For those of us who have are writing Java code, IntelliJ had for as far as I can remember provided an auto-import feature: say you use the class ArrayList without importing java.util.ArrayList. Then IntelliJ suggests to add an import java.util.ArrayList for you, and you can accept the suggestion by just pressing Alt-Enter.

IntelliJ auto-import in Java

Now IntelliJ has the same feature for namespace declaration in XML. Say you start writing <xforms:model> but you don’t have any namespace declaration for the xforms prefix. After you press Alt-Enter, IntelliJ will ask if you want to create a namespace declaration. If you accept, it will add for you the xmlns:xforms="http://www.w3.org/2002/xforms" where it is needed.

IntelliJ adding a namespace declaration for XForms

IntelliJ seems to be looking all your schemas, and picking the namespace of those that define an element with a matching name. When multiple namespaces could apply, IntelliJ will give you a choice. For instance in the example below I have a config element, which could either be the start of an XPL pipeline or a page flow controller document. Hence IntelliJ gives me the choice between the two:

IntelliJ adding a namespace declaration for XForms

Want to know more about IntelliJ? Download it, check out their blog, and if you are doing open source development you can even get a free license.

6/16/2006

XForms Tip: Differentiating Between Submit Errors

Filed under: General — Erik Bruchez @ 7:43 am



With XForms 1.0, it is not possible to differenciate between a submission error due to an invalid form (or with required-but-empty values) and a submission error due to, for example, a network issue, an HTTP 404 error response, etc.

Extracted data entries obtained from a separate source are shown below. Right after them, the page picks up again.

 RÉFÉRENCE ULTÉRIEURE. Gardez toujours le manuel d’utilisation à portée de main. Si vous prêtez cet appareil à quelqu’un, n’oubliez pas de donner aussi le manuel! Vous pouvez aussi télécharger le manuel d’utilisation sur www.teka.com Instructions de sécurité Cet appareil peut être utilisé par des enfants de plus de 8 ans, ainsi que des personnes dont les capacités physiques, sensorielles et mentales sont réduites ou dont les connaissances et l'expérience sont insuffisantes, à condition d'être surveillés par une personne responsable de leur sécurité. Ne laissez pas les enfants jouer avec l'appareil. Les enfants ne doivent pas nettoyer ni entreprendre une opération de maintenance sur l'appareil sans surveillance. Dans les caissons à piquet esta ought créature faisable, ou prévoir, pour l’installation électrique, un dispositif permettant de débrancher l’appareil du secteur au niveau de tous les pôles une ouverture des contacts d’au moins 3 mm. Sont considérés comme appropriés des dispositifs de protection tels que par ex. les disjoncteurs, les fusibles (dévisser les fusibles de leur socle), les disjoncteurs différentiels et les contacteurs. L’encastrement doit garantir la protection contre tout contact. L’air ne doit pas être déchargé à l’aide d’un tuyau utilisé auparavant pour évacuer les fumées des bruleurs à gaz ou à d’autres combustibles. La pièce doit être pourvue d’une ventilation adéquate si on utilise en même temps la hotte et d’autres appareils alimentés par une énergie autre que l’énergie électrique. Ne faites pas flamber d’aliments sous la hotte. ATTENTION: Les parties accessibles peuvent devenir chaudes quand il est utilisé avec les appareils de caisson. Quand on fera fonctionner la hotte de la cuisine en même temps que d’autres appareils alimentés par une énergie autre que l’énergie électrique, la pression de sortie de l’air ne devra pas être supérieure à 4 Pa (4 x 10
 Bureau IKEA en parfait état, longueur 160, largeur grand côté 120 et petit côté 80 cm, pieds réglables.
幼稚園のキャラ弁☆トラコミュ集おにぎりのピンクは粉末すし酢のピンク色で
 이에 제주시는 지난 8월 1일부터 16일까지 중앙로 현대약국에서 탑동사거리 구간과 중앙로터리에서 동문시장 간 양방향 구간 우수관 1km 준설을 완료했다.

XForms 1.1 is adding many submission-related improvements that will for example allow an XForms page to directly speak the Atom Publishing Protocol, a fully REST-based API.

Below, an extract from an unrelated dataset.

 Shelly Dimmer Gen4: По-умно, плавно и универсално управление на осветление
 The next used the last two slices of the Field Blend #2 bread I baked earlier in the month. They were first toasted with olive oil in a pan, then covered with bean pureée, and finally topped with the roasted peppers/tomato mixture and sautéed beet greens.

We will talk more about this support in the future, but already a new event, xforms-submit-serialize allows you to determine at a high-level why a submission has failed. This event is fired just after the instance has passed validation and just before the instance data is serialized.

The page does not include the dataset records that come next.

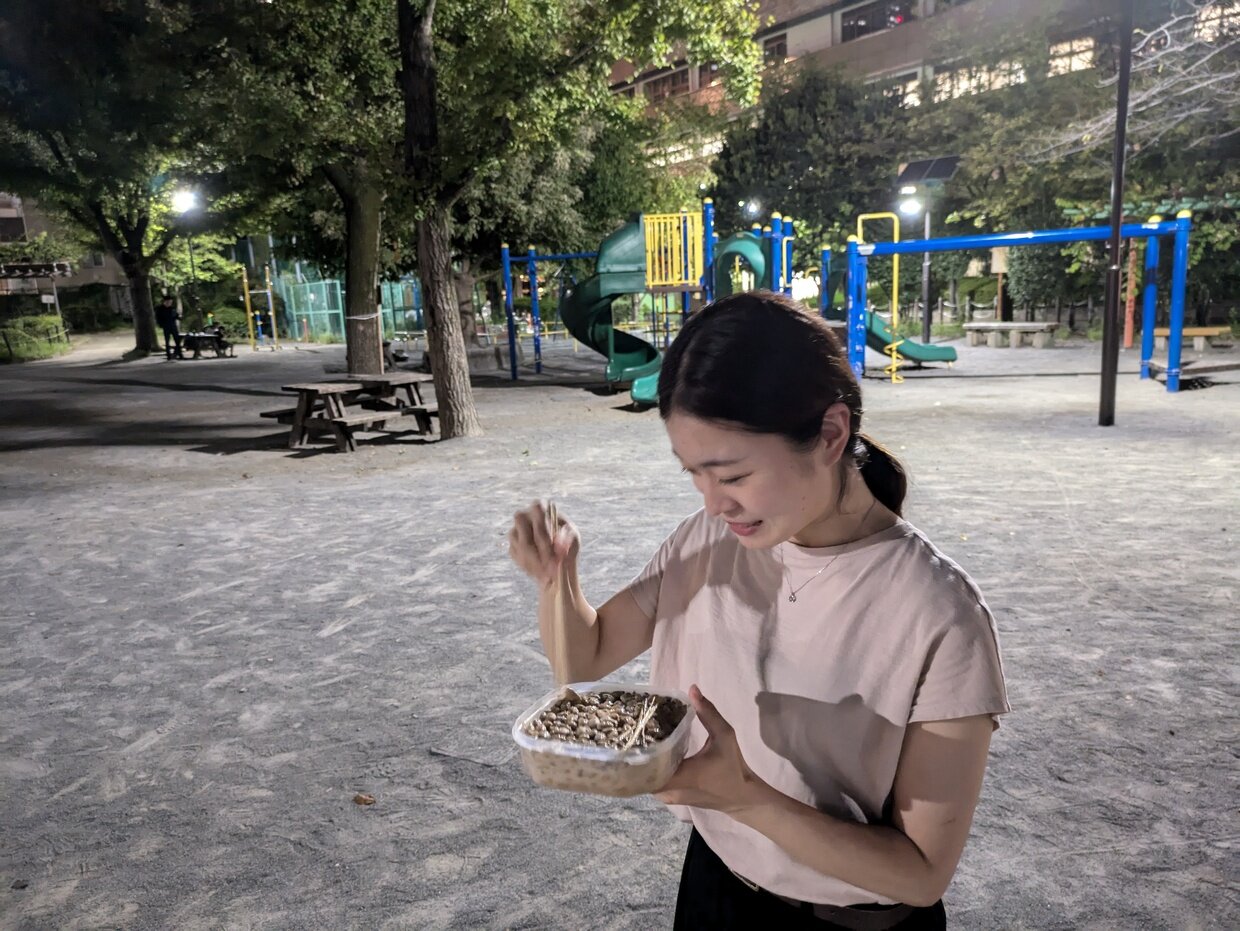 夜の月島児童公園でもんじゃの前に納豆を食べる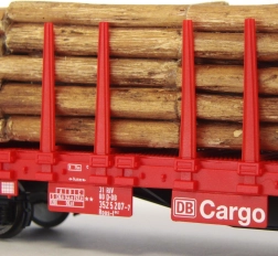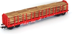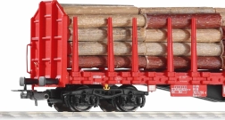 Atrakcyjny model czteroosiowego wagonu platformowego Roos‑t z kłonicami i ładunkiem drewnianych kłód, w barwach Niemieckich Kolei. Wagony tego typu są również wykorzystywane do transportu innych półproduktów z drewna, a także stali. Realistycznie odwzorowany ładunek można wyjmować, a rozstaw kłonic można regulować. W zestawie znajduje się ponadto kilka zapasowych kłonic. Dzięki dopracowanemu odlewowi, wysokiej jakości kontrastowemu malowaniu i ostrym nadrukom doskonale prezentują się detale konstrukcji i osprzętu. Podłoga wagonu wiernie oddaje także ryflowanie powierzchni, a czoła zdobią dołożone poręcze i stopnie. Dla większej różnorodności w składach z wcześniej wydanymi modelami tego typu zmieniono oznaczenie wagonu. Precyzyjnie zaprojektowane i zmontowane wózki gwarantują pierwszorzędne własności jezdne. Główne cechy: cztery osie, realistyczny ładunek, zdejmowane kłonice, gniazdo według NEM 362 z kinematyką krótkiego sprzęgu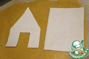 Включить духовку. Раскатать тесто не тоньше 3 мм, вырезать фигуры, перенести на противень. Я собирала домик при помощи ленточек, поэтому соломинкой для коктейлей сразу нужно прорубить дырочки для завязок в заготовках. -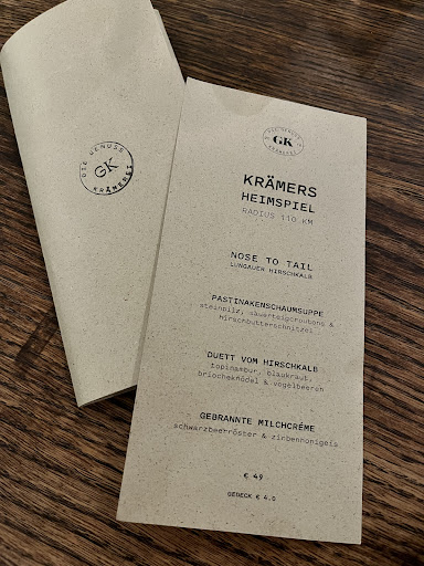 Read moreEin gelungener Abend durch und durch. Ich bewundere schon eine Weile das Treiben der Genusskrämerei auf Instagram und am Freitag war es dann so weit wir waren zu Gast. Bereits die Begrüßung war sehr freundlich man fühlte sich sofort wohl. Das Ambiente durchdacht bis ins Detail, Léger, Modern, Jung. Aaron und seine Mutter führen diesen Laden mit Herzblut. Schon beim Aperitif wurden wir umgarnt mit Wissen und Leidenschaft, hier ist jedes Getränk überlegt und man steht dahinter was man ins Glas bringt. Weinauswahl !! der Hammer!! . Gestartet wurde mit dem Gruß aus der Küche bereits hier zeigte sich die Kreativität und der rote Faden der Regionalität, der sich durch den Abend zog. Schlagwort, falsche Austern und Rehkebap. Durch das ganze Menü würden wir mit Hingabe geführt und mit perfekter Getränkebegleitung verwöhnt, während im Hintergrund seichter HipHop die Sinne umspielte. Jedes Gericht auf den Punkt gebracht ohne unnötiges TamTam auf das Produkt bezogen, so geht Gastronomie von Heute. Hut ab an die Küche, ich selbst habe ein Mal in diesem Metier gelernt und gearbeitet und am Tisch war einen Absoluter Profi dabei wir verneigen uns. Die Interpretation der Erinnerungen an die Halleinoma werde ich am Gaumen so schnell nicht vergessen. Wir bedanken uns, empfehlen weiter und sehen uns...

If you set a control flag upon receiving this event, you can determine, upon receiving an xforms-submit-error event, whether the instance has already passed validation or not. If it has not, the error is a validation error. If it has, then the error has occurred during serialization, actual submission, or as a result of processing the response. Here is how you set the status flag in an instance called submission-status:

<xforms:instance id="submission-status">
    <submission-status xmlns=""/>
</xforms:instance>
<xforms:submission ...>
    <xforms:setvalue ev:event="xforms-submit-serialize"
                     ref="instance('submission-status')">validated</xforms:setvalue>
</xforms:submission>

Now when a submission error occurs, you want to be able to display an appropriate message, here stored in an instance called message. You can do this using the XForms 1.1 conditional action feature by providing the if attribute on the xforms:setvalue action:

<xforms:action ev:event="xforms-submit-error">
    <xforms:setvalue if="not(instance('submission-status') = 'validated')"
      ref="instance('message')">Please check for errors in your form.</xforms:setvalue>
    <xforms:setvalue if="instance('submission-status') = 'validated'"
      ref="instance('message')">Please contact your system administrator.</xforms:setvalue>
    <xforms:setvalue ref="instance('submission-status')"/>
</xforms:action>

Note that XForms 1.1 is still a working draft and its content may change until it is an actual recommendation.

6/14/2006

How Browsers Have Been Saving Us from Incorrect Encodings

Filed under: General — Alessandro Vernet @ 6:35 pm

Windows 1252 code pageErik had an entry just a few days ago about Unicode, and we’ll be now looking at two encodings: ISO-8859-1 and windows-1252. It is not that character encoding is the most exciting thing around, but it is one we need to get right.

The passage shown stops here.